(GIVEN DATA Opens)

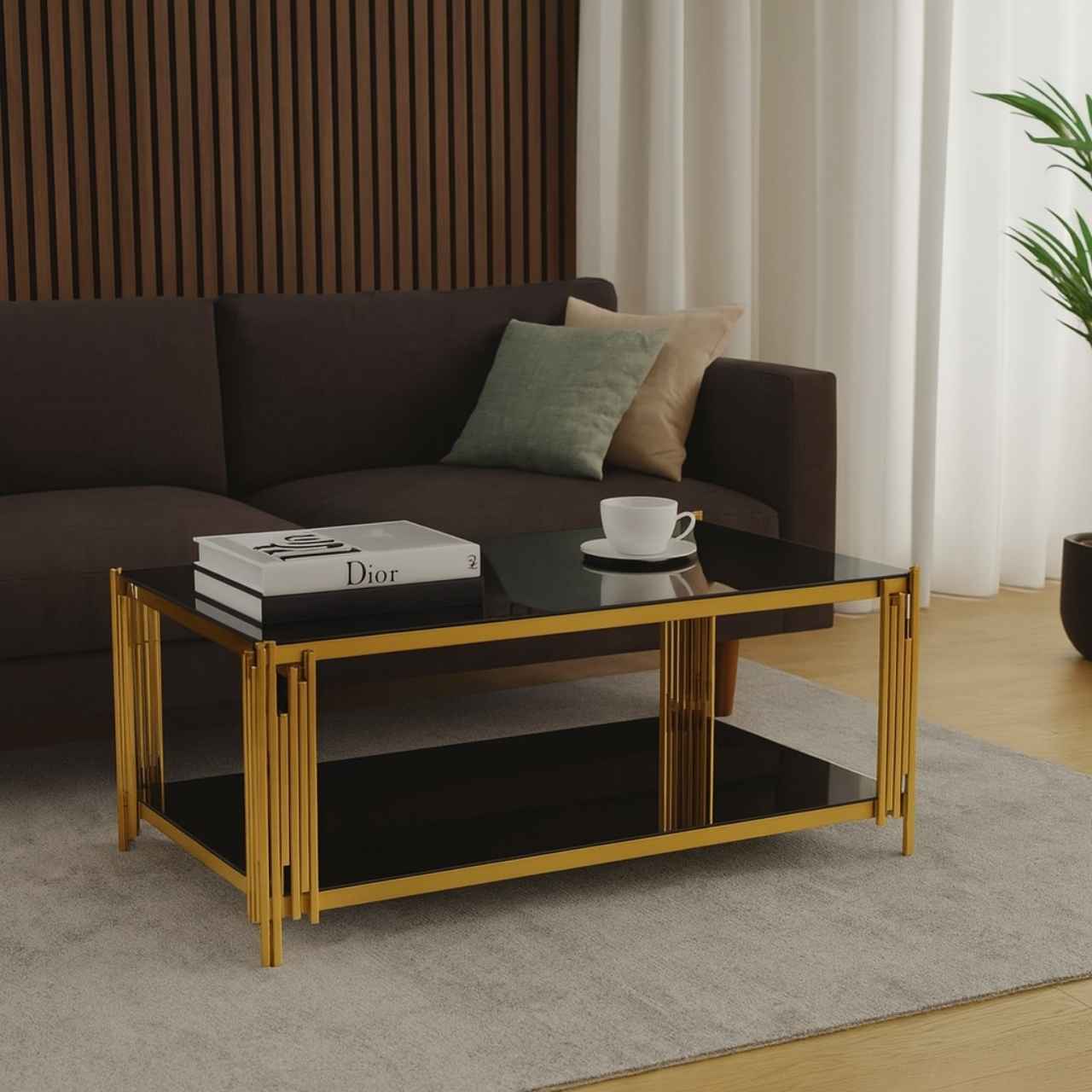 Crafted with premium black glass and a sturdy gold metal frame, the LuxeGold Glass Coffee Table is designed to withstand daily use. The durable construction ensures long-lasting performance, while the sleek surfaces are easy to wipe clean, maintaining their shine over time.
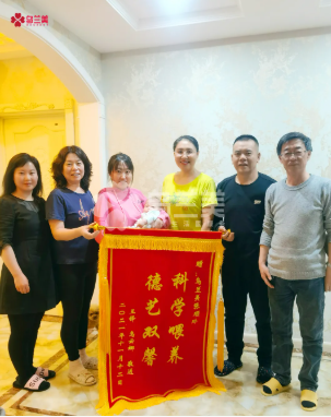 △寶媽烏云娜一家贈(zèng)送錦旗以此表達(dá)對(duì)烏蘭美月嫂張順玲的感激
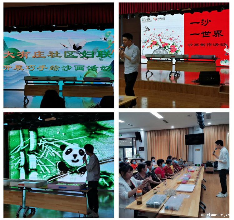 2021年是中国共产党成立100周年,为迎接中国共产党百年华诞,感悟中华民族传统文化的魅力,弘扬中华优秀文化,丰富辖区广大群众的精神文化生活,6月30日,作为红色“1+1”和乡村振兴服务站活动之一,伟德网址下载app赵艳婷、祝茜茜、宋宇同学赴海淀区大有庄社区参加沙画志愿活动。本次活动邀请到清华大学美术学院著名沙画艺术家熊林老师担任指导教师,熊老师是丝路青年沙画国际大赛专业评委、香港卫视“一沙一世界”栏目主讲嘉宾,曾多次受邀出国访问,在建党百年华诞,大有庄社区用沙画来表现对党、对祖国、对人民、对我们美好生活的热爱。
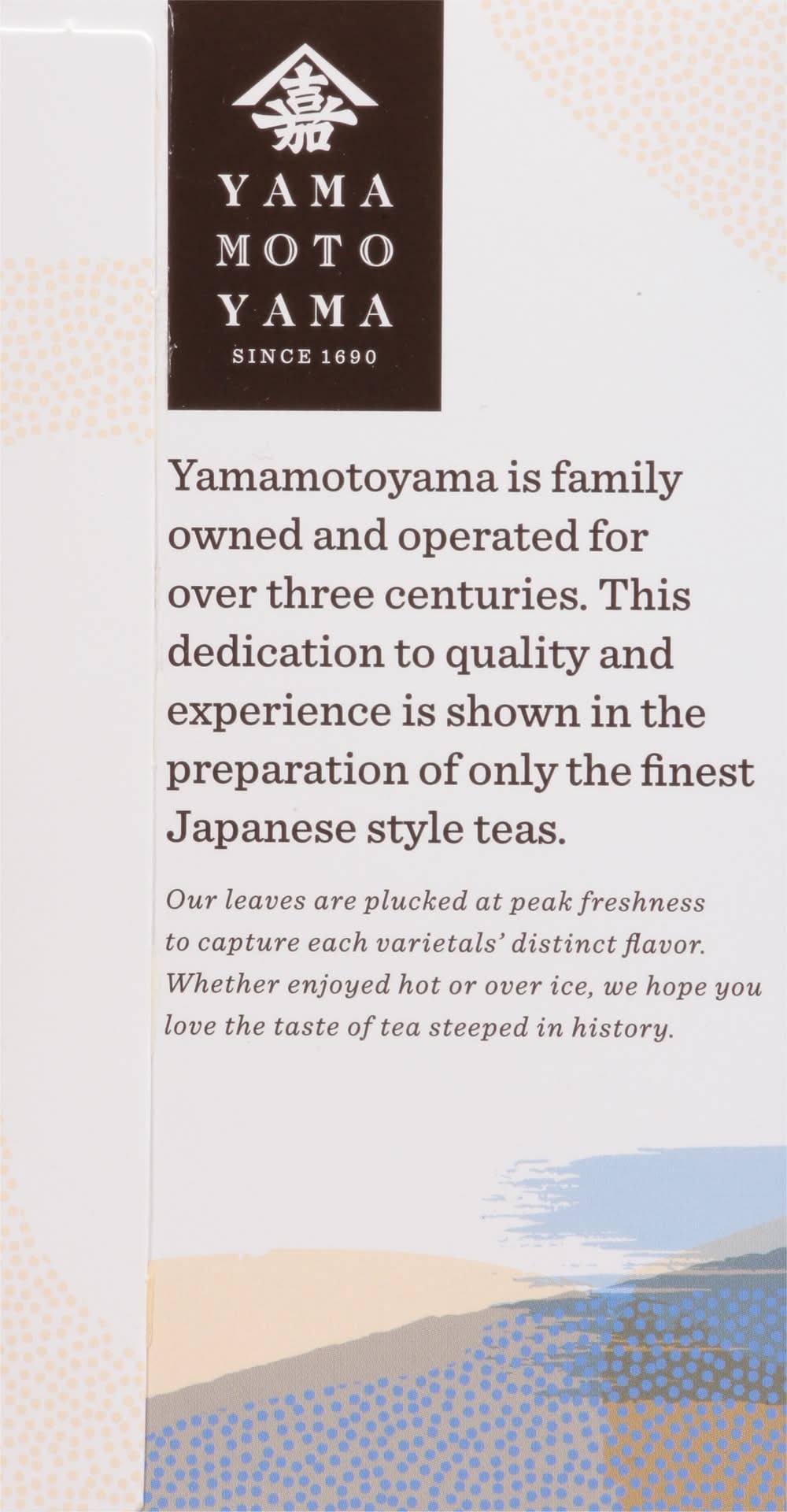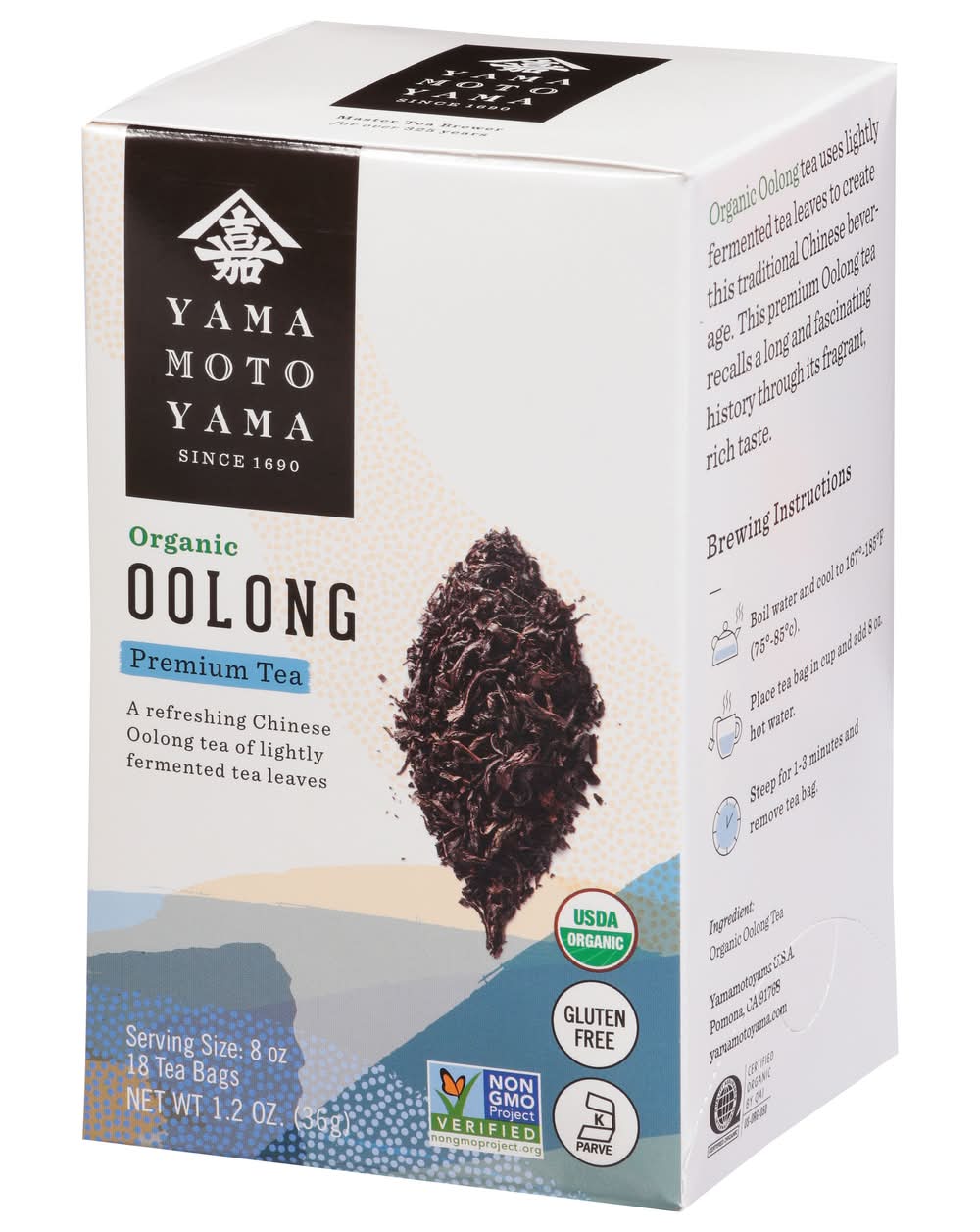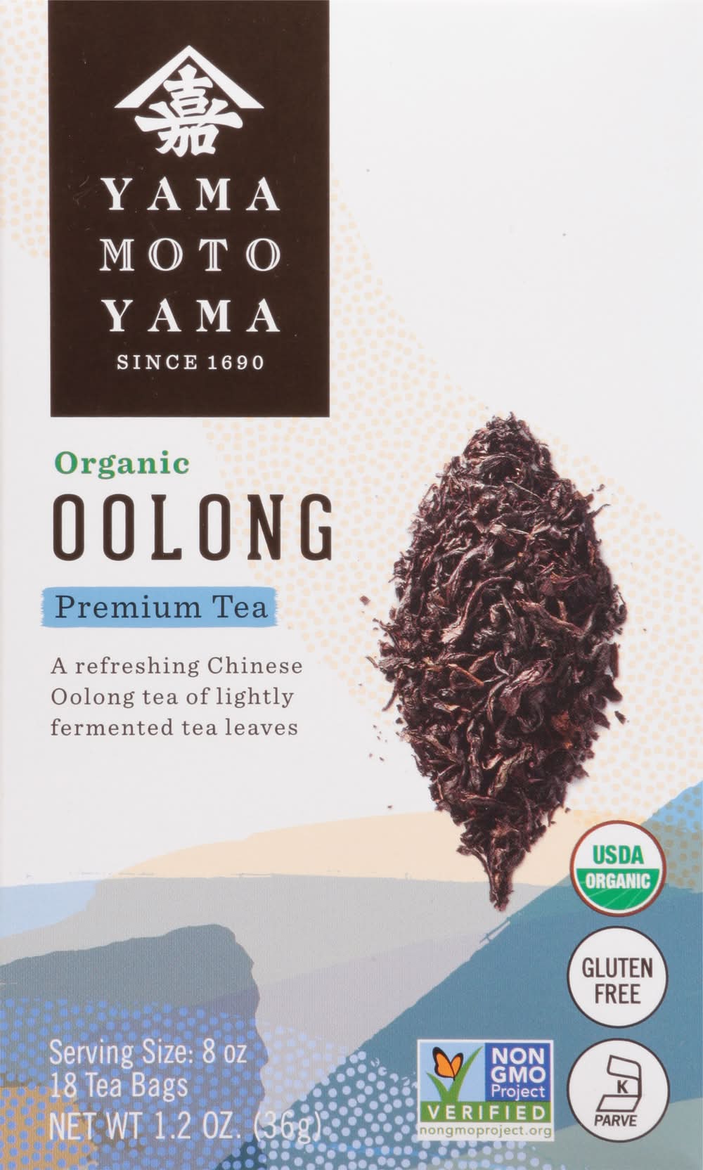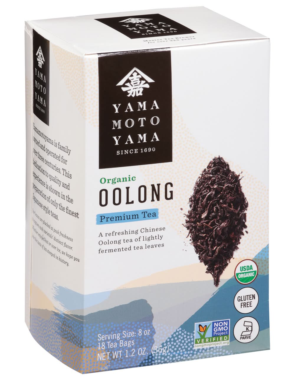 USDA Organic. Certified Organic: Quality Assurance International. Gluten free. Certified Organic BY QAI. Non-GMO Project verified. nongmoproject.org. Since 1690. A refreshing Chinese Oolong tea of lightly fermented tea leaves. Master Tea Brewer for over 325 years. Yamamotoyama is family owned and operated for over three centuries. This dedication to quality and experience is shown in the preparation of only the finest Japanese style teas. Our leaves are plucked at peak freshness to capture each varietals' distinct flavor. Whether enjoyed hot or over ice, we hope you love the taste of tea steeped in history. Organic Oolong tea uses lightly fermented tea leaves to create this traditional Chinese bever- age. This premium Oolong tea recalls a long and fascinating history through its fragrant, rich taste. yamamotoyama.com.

(GIVEN DATA Closes)

Reprint the listing above exactly, without images.

COMPLETED EXERCISE:
 Crafted with premium black glass and a sturdy gold metal frame, the LuxeGold Glass Coffee Table is designed to withstand daily use. The durable construction ensures long-lasting performance, while the sleek surfaces are easy to wipe clean, maintaining their shine over time.
 △寶媽烏云娜一家贈(zèng)送錦旗以此表達(dá)對(duì)烏蘭美月嫂張順玲的感激
 2021年是中国共产党成立100周年,为迎接中国共产党百年华诞,感悟中华民族传统文化的魅力,弘扬中华优秀文化,丰富辖区广大群众的精神文化生活,6月30日,作为红色“1+1”和乡村振兴服务站活动之一,伟德网址下载app赵艳婷、祝茜茜、宋宇同学赴海淀区大有庄社区参加沙画志愿活动。本次活动邀请到清华大学美术学院著名沙画艺术家熊林老师担任指导教师,熊老师是丝路青年沙画国际大赛专业评委、香港卫视“一沙一世界”栏目主讲嘉宾,曾多次受邀出国访问,在建党百年华诞,大有庄社区用沙画来表现对党、对祖国、对人民、对我们美好生活的热爱。
 USDA Organic. Certified Organic: Quality Assurance International. Gluten free. Certified Organic BY QAI. Non-GMO Project verified. nongmoproject.org. Since 1690. A refreshing Chinese Oolong tea of lightly fermented tea leaves. Master Tea Brewer for over 325 years. Yamamotoyama is family owned and operated for over three centuries. This dedication to quality and experience is shown in the preparation of only the finest Japanese style teas. Our leaves are plucked at peak freshness to capture each varietals' distinct flavor. Whether enjoyed hot or over ice, we hope you love the taste of tea steeped in history. Organic Oolong tea uses lightly fermented tea leaves to create this traditional Chinese bever- age. This premium Oolong tea recalls a long and fascinating history through its fragrant, rich taste. yamamotoyama.com.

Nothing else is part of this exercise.